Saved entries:
···

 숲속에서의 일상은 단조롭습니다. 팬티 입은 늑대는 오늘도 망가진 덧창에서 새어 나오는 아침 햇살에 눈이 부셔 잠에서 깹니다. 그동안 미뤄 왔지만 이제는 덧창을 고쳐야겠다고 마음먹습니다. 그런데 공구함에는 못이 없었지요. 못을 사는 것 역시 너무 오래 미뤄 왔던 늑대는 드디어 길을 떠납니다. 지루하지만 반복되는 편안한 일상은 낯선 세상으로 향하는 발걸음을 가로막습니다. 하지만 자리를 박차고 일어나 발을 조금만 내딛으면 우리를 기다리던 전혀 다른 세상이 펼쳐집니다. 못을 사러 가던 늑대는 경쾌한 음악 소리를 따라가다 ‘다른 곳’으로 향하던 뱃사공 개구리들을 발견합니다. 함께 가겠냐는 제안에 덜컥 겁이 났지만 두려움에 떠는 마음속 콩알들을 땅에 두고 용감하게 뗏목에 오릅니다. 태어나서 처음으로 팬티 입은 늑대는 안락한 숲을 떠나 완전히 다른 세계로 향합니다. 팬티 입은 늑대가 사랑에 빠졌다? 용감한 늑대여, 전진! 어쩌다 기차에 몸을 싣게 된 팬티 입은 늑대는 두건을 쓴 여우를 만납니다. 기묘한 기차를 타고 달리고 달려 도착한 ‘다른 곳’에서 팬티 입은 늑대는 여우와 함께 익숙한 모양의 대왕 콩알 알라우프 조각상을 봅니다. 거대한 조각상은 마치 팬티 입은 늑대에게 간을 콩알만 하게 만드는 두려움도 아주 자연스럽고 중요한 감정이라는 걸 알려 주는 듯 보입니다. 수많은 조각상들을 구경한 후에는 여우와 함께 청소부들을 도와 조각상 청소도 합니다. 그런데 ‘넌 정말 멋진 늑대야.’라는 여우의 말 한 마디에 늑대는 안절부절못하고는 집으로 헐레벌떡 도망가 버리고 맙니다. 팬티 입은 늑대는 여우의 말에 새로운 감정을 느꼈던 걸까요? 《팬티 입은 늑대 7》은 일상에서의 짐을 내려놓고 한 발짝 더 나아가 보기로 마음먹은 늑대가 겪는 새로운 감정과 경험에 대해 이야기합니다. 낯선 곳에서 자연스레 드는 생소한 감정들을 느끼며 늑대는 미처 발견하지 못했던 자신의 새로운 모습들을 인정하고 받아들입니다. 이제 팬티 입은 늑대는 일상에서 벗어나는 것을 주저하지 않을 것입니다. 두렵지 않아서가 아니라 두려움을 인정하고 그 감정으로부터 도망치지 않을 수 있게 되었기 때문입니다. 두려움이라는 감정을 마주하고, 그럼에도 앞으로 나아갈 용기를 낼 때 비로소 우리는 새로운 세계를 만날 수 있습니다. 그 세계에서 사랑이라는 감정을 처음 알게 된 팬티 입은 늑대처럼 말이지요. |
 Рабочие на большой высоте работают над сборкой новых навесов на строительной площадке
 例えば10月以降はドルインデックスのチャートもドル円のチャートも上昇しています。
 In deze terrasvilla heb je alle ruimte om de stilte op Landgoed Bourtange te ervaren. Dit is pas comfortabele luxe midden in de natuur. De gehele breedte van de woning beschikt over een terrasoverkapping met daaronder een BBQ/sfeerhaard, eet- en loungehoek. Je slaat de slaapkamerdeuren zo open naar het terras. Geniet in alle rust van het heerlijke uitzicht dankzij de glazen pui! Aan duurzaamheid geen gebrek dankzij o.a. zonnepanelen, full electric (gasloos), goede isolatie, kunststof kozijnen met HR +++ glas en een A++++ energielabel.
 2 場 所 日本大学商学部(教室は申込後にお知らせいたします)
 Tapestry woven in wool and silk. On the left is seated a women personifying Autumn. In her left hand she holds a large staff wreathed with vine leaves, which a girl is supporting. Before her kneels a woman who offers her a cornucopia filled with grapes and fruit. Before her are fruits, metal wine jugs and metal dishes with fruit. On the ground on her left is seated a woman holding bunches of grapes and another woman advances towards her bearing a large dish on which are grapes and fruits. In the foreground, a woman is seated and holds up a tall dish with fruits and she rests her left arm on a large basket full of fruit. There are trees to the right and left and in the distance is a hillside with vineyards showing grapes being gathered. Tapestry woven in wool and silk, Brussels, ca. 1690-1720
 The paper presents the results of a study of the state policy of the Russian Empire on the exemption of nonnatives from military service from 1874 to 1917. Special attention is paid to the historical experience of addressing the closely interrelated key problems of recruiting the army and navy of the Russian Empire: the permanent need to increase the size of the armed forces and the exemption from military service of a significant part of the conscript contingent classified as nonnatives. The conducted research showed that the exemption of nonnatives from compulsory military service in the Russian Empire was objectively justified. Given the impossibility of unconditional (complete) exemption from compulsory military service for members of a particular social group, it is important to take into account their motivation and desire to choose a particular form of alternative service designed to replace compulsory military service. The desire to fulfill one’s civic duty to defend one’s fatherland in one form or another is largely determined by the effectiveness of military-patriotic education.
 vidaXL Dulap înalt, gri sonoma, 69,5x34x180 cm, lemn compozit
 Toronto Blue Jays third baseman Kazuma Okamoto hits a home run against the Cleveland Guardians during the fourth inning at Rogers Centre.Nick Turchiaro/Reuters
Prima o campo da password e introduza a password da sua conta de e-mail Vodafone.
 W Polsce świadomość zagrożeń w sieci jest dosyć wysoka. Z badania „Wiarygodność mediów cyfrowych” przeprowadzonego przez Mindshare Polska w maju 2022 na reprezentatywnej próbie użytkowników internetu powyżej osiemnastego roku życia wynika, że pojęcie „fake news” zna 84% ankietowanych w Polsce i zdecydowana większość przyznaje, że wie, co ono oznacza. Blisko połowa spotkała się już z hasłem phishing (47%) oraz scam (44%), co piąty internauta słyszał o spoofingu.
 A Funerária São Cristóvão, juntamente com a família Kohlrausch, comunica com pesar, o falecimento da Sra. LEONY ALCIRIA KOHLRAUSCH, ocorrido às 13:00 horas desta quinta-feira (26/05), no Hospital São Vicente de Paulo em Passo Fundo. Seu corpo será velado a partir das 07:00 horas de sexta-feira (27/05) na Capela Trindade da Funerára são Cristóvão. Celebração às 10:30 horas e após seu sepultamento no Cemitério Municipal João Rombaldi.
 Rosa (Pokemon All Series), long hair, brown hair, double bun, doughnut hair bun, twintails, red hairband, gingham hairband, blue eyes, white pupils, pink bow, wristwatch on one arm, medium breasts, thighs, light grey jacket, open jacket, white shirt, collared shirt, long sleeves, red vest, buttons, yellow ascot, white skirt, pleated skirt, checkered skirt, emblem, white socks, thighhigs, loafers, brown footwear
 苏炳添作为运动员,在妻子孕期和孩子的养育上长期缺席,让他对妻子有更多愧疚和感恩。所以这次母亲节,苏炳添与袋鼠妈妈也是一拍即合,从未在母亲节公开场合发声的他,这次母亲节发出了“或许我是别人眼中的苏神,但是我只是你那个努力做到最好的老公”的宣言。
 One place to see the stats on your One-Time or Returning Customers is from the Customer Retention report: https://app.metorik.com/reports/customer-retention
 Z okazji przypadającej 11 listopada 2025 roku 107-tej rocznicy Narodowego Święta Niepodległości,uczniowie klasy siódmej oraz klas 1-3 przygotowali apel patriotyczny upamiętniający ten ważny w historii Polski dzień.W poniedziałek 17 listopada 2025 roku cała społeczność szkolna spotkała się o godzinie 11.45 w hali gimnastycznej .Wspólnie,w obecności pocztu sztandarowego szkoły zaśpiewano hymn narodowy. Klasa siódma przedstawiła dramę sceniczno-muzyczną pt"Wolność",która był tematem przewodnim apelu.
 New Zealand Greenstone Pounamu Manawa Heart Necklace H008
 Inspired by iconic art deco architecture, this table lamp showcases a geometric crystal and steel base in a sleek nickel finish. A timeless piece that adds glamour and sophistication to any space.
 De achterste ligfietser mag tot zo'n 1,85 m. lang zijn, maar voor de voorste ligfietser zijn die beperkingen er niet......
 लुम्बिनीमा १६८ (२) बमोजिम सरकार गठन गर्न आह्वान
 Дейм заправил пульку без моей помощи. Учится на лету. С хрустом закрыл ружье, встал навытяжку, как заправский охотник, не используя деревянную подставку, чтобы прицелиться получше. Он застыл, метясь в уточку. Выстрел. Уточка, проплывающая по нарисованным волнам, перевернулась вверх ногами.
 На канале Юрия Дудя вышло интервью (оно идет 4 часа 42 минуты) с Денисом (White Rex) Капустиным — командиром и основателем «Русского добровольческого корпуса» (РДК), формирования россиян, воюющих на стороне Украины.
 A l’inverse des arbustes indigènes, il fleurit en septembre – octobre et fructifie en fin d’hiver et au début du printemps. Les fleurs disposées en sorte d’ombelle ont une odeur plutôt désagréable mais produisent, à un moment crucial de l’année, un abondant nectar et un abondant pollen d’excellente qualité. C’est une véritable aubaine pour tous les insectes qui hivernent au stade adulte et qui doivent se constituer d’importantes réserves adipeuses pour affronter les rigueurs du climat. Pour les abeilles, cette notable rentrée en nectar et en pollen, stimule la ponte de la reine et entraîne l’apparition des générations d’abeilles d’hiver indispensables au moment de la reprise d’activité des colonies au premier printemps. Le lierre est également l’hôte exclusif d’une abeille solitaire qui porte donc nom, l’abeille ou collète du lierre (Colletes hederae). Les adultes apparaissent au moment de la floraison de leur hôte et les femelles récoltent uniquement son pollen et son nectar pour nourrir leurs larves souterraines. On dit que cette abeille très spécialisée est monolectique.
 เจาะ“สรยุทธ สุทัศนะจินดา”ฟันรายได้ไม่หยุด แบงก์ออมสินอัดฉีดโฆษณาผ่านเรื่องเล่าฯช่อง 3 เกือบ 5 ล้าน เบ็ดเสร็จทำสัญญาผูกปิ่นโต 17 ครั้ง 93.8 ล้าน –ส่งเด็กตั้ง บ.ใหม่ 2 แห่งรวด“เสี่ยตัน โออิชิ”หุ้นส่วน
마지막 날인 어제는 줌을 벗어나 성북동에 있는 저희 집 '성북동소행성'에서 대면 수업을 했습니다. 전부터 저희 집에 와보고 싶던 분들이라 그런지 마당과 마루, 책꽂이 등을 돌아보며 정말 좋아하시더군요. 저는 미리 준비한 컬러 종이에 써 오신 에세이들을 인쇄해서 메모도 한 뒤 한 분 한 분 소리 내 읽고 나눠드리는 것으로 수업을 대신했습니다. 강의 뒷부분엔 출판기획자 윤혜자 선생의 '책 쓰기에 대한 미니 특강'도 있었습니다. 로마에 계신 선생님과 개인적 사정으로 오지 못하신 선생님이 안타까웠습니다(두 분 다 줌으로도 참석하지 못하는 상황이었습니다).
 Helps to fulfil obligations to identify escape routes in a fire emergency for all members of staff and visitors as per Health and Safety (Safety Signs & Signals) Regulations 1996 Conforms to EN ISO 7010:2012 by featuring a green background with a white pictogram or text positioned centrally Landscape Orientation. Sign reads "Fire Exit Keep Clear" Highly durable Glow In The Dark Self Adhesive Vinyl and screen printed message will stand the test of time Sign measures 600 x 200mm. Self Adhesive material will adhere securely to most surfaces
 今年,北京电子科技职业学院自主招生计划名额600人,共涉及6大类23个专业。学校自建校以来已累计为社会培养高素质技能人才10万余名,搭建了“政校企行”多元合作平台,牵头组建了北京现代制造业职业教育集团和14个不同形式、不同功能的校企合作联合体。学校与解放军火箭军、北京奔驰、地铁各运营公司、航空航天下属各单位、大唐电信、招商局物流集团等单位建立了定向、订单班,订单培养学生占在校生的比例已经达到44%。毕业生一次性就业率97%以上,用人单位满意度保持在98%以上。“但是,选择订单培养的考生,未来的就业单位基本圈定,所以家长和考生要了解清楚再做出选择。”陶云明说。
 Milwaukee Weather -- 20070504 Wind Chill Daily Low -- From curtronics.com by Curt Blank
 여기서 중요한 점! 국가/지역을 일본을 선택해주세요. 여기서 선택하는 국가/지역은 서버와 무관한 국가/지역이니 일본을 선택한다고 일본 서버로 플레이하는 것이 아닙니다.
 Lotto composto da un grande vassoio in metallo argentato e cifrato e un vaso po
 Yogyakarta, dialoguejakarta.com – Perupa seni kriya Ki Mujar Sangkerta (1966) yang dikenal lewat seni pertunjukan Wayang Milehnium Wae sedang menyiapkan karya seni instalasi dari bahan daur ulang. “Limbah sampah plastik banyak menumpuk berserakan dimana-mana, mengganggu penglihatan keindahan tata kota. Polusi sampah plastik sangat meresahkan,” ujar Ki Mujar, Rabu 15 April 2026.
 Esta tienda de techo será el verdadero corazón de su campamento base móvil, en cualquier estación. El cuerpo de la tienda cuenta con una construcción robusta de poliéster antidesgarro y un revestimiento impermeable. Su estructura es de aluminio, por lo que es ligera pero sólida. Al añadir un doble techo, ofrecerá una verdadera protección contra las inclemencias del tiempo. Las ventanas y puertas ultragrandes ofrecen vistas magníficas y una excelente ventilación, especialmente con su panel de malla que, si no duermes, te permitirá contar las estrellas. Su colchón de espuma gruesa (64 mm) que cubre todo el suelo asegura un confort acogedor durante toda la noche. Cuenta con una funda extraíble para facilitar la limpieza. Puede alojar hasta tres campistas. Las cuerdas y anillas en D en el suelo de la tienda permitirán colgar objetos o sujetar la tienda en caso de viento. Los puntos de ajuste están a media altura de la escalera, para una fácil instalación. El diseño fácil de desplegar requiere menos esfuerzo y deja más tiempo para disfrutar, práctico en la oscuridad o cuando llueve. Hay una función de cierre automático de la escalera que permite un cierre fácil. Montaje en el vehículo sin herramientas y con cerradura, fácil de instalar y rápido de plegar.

···

Problem details
Only one stretch of the entries above is wanted: the lines from the one containing "На канале Юрия" through the one containing "마지막 날인 어제는 줌을". Please reproduce it exactly.

Expected answer
 На канале Юрия Дудя вышло интервью (оно идет 4 часа 42 минуты) с Денисом (White Rex) Капустиным — командиром и основателем «Русского добровольческого корпуса» (РДК), формирования россиян, воюющих на стороне Украины.
 A l’inverse des arbustes indigènes, il fleurit en septembre – octobre et fructifie en fin d’hiver et au début du printemps. Les fleurs disposées en sorte d’ombelle ont une odeur plutôt désagréable mais produisent, à un moment crucial de l’année, un abondant nectar et un abondant pollen d’excellente qualité. C’est une véritable aubaine pour tous les insectes qui hivernent au stade adulte et qui doivent se constituer d’importantes réserves adipeuses pour affronter les rigueurs du climat. Pour les abeilles, cette notable rentrée en nectar et en pollen, stimule la ponte de la reine et entraîne l’apparition des générations d’abeilles d’hiver indispensables au moment de la reprise d’activité des colonies au premier printemps. Le lierre est également l’hôte exclusif d’une abeille solitaire qui porte donc nom, l’abeille ou collète du lierre (Colletes hederae). Les adultes apparaissent au moment de la floraison de leur hôte et les femelles récoltent uniquement son pollen et son nectar pour nourrir leurs larves souterraines. On dit que cette abeille très spécialisée est monolectique.
 เจาะ“สรยุทธ สุทัศนะจินดา”ฟันรายได้ไม่หยุด แบงก์ออมสินอัดฉีดโฆษณาผ่านเรื่องเล่าฯช่อง 3 เกือบ 5 ล้าน เบ็ดเสร็จทำสัญญาผูกปิ่นโต 17 ครั้ง 93.8 ล้าน –ส่งเด็กตั้ง บ.ใหม่ 2 แห่งรวด“เสี่ยตัน โออิชิ”หุ้นส่วน
마지막 날인 어제는 줌을 벗어나 성북동에 있는 저희 집 '성북동소행성'에서 대면 수업을 했습니다. 전부터 저희 집에 와보고 싶던 분들이라 그런지 마당과 마루, 책꽂이 등을 돌아보며 정말 좋아하시더군요. 저는 미리 준비한 컬러 종이에 써 오신 에세이들을 인쇄해서 메모도 한 뒤 한 분 한 분 소리 내 읽고 나눠드리는 것으로 수업을 대신했습니다. 강의 뒷부분엔 출판기획자 윤혜자 선생의 '책 쓰기에 대한 미니 특강'도 있었습니다. 로마에 계신 선생님과 개인적 사정으로 오지 못하신 선생님이 안타까웠습니다(두 분 다 줌으로도 참석하지 못하는 상황이었습니다).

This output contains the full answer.